Description of problem:
If a customer wants to install any package on top of Jenkins image, it will try to enable htb repository but OpenShift Dedicate node does not allow that. Therefore, build process fail.
In order to avoid this, a client should disable the htb repository before installing any package in Dockerfile. Can we disable the repository when the image built?
Version-Release number of selected component (if applicable):
Steps to Reproduce:
1.oc project test
2.git clone https://github.com/Jooho/jenkins-test-dockerbuild.git;cd jenkins-test-test-dockerbuild
3.oc new-build .
Installing : epel-release-7-11.noarch 1/1https://cdn.redhat.com/content/htb/rhel/server/7/x86_64/os/repodata/repomd.xml: [Errno 14] HTTPS Error 403 - Forbidden
Trying other mirror.
To address this issue please refer to the below knowledge base article
Build successfully without any issues.
Justin or Brenton do you have any idea where this repo is coming from? Our dockerfile does not install or enable it. Nor do i see it in /etc/yum.repos.d for the image.
I'd bet anything this is an artifact from the base image or something the build system is injecting automatically.
Can you attempt to recreate this using a different FROM image, such as the "rhel7" base image? We are trying to determine if the issue is really specific to the Jenkins image since nothing in the jenkins image references the htb repository.

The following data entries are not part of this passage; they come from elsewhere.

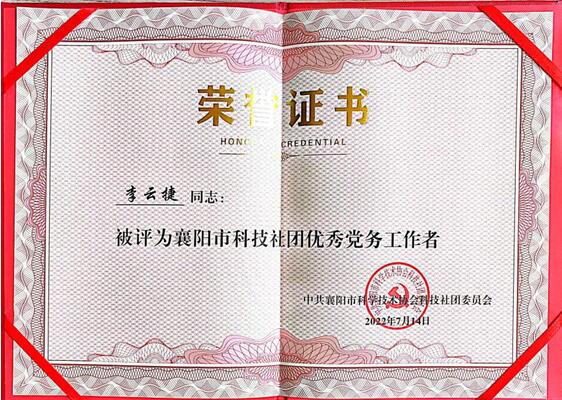 李云捷副教授荣获“襄阳市科技社团优秀党务工作者”称号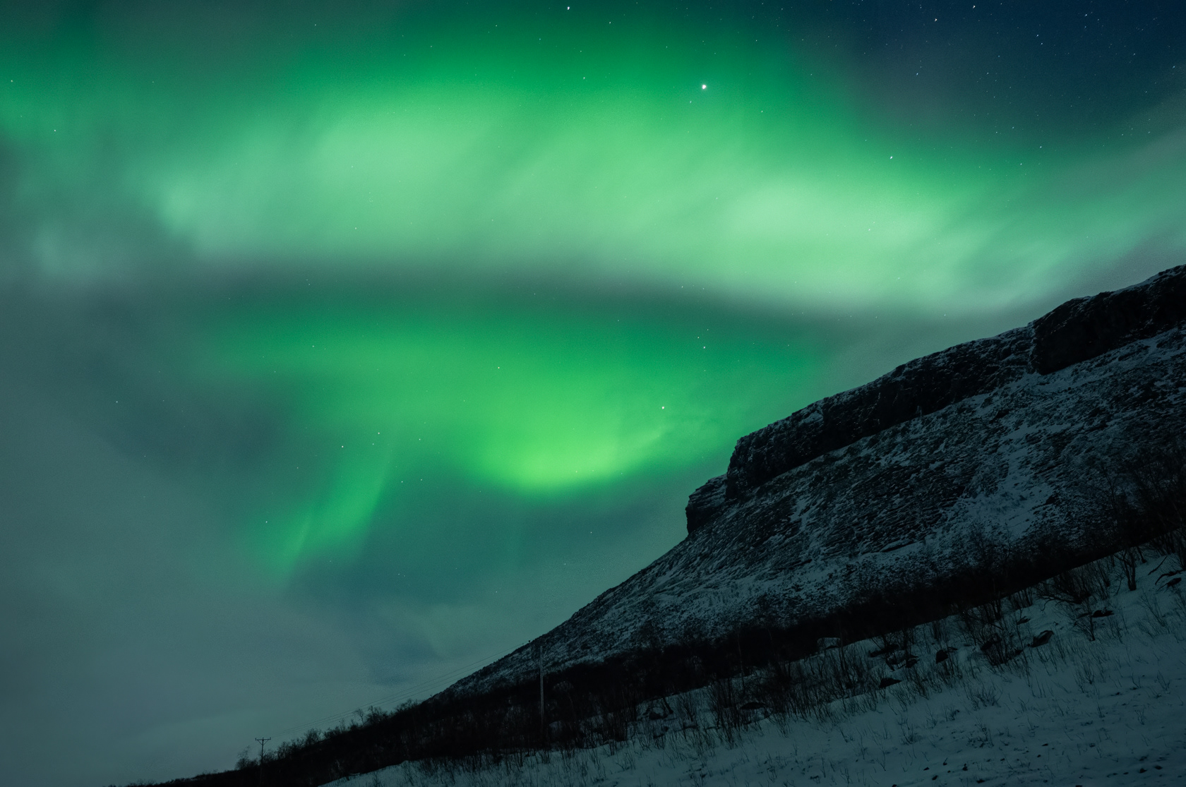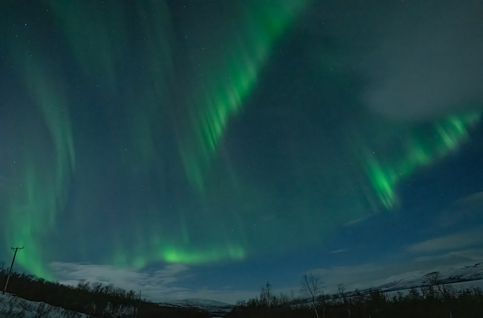 Norrskenet rörde sig väldigt fort över himlen så på sista bilden pressade jag ISO högt typ 16000. med full bländare sänkte det exponeringstiden från 4s till 0,6s, för att fånga strukturen bättre men tyvärr blir bilden mycket grynigare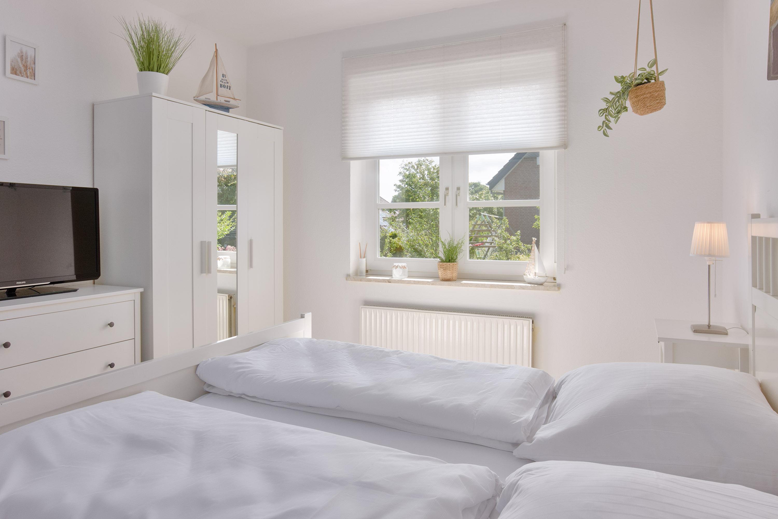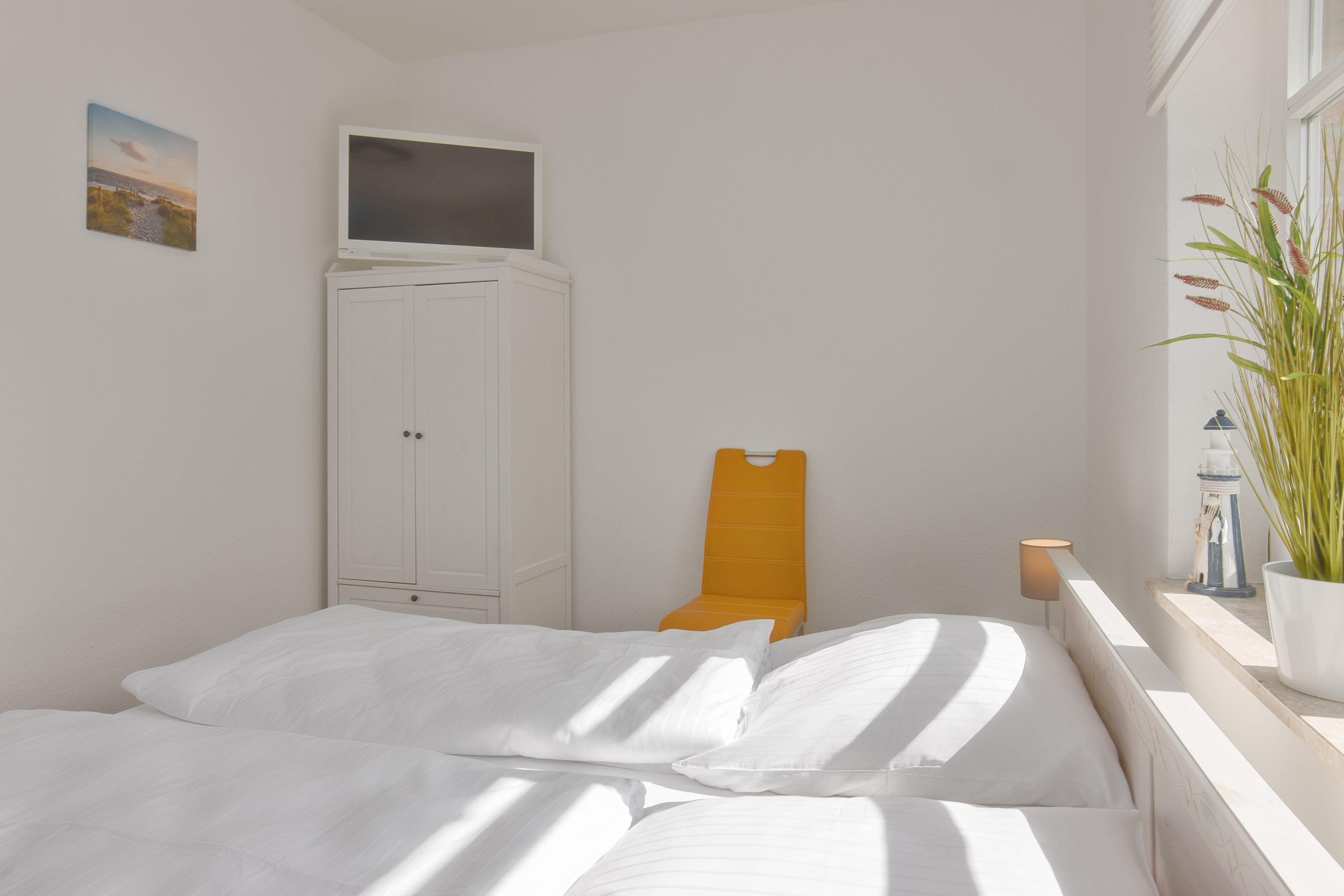 Komfortabel geht es im ersten Schlafzimmer der Wohnung weiter. Hier wartet ein einladendes Doppelbett (180x200) und TV. Das zweite Schlafzimmer hat ebenfalls ein Doppelbett (180x200) und TV, sowie der dritte Schlafraum zwei Einzelbetten (90x200). Kleiderschränke und Kommoden bieten dabei ausreichenden Stauraum.

If I pull the current image, the only repo file is /etc/yum.conf.d/redhat.repo - which is as it should be. I'm guessing you can bypass this by disabling the subscription-manager plugin.
Can you try using --disableplugin='*' on your yum operation?

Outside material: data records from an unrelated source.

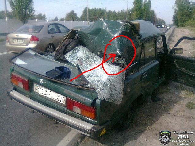 Необычное ДТП произошло в столице – на улице Днепроводской в Оболонском районе дорожное ограждение насквозь прошло через салон автомобиля ВАЗ. В автомобиле ехала семья из Вышгорода – отец и мать с трехлетней дочерью.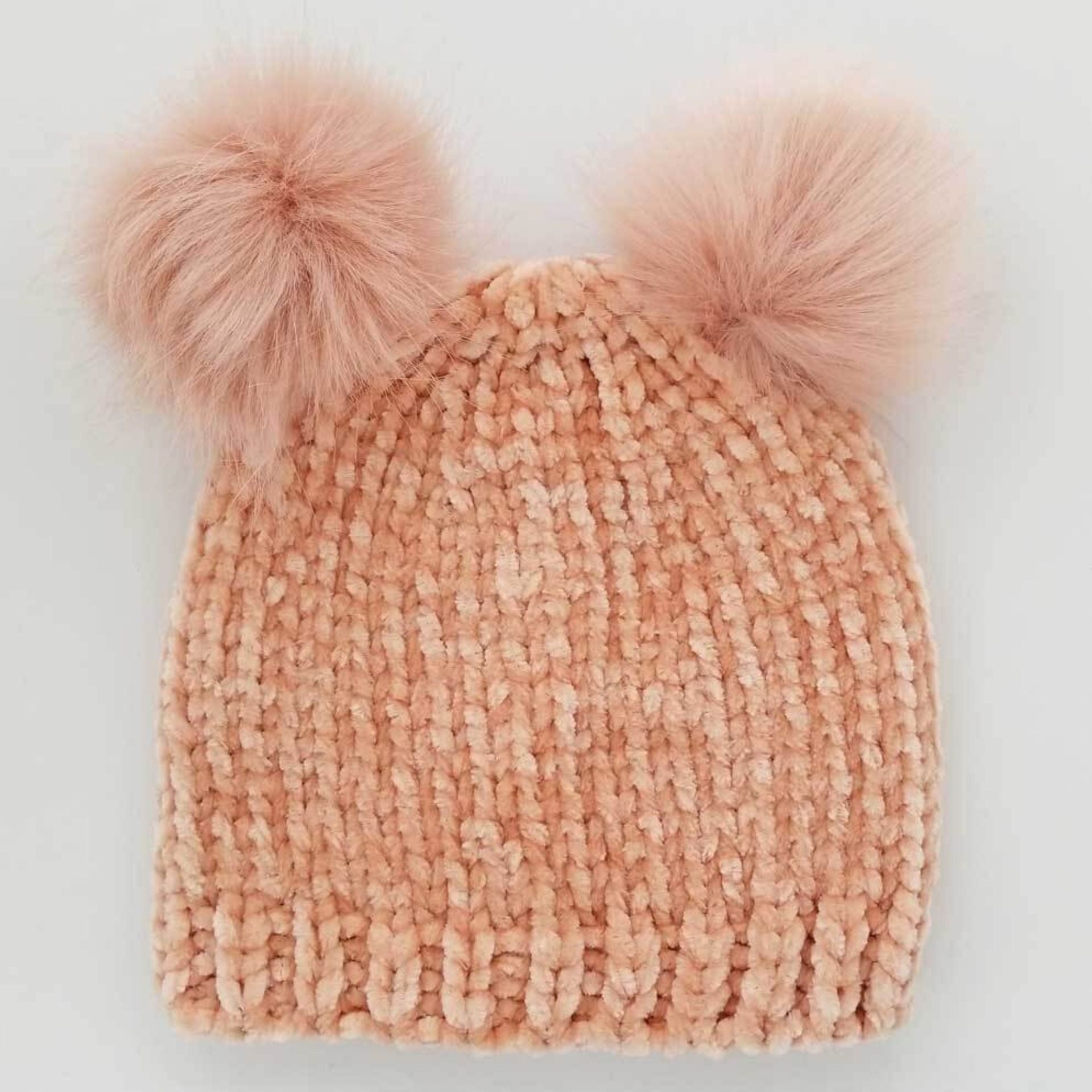 Super cozy hat hand knit in thin Chenille and topped with two furry pom poms to match!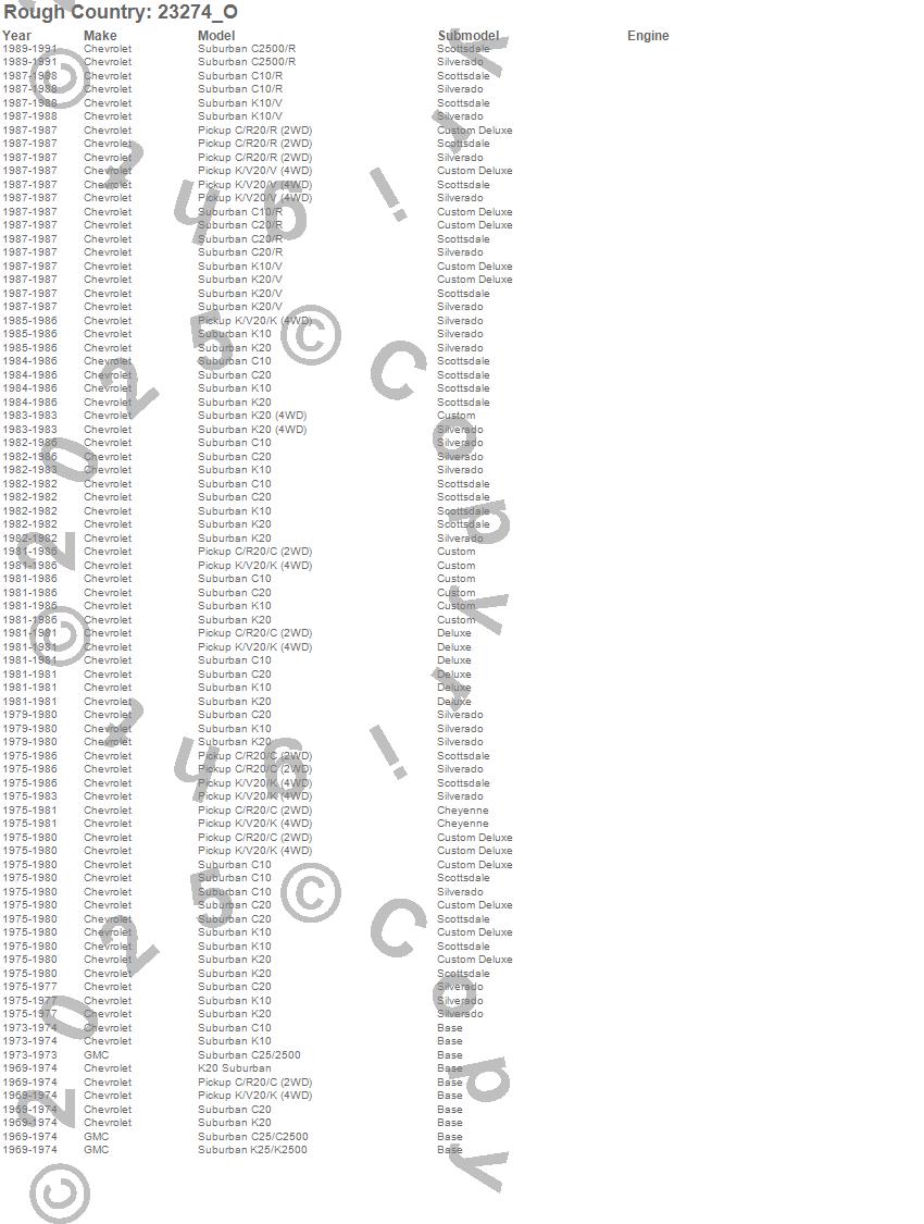 Below is an abbreviated list of applications for the N3 Shocks.C10 Suburban, C20 Pickup, C20 Suburban, C25/C2500 Suburban, K10 Suburban, K20 Pickup, K20 Suburban, K25/K2500 Suburban, R10 Suburban, R20 Pickup, R20 Suburban, R2500 Suburban, V10 Suburban, V20 Pickup, V20 Suburban, Chevrolet, GMC, 1991, 1990, 1989

it occurs the same errors even if I change FROM image so I bet the repos are enabled by something else like host repos.
From this doc, I understand a subscription of host will be loaded to containter but I am still wondering where those repositories are coming from. I feel those repos are default one if we don't specify.(guess).
*** Bug 1330852 has been marked as a duplicate of this bug. ***
My understanding is that the resolution to this is to have the HTB repos disabled on the dedicated nodes. We can't fix this, tickets need to be opened w/ the ops team to get the repos disabled.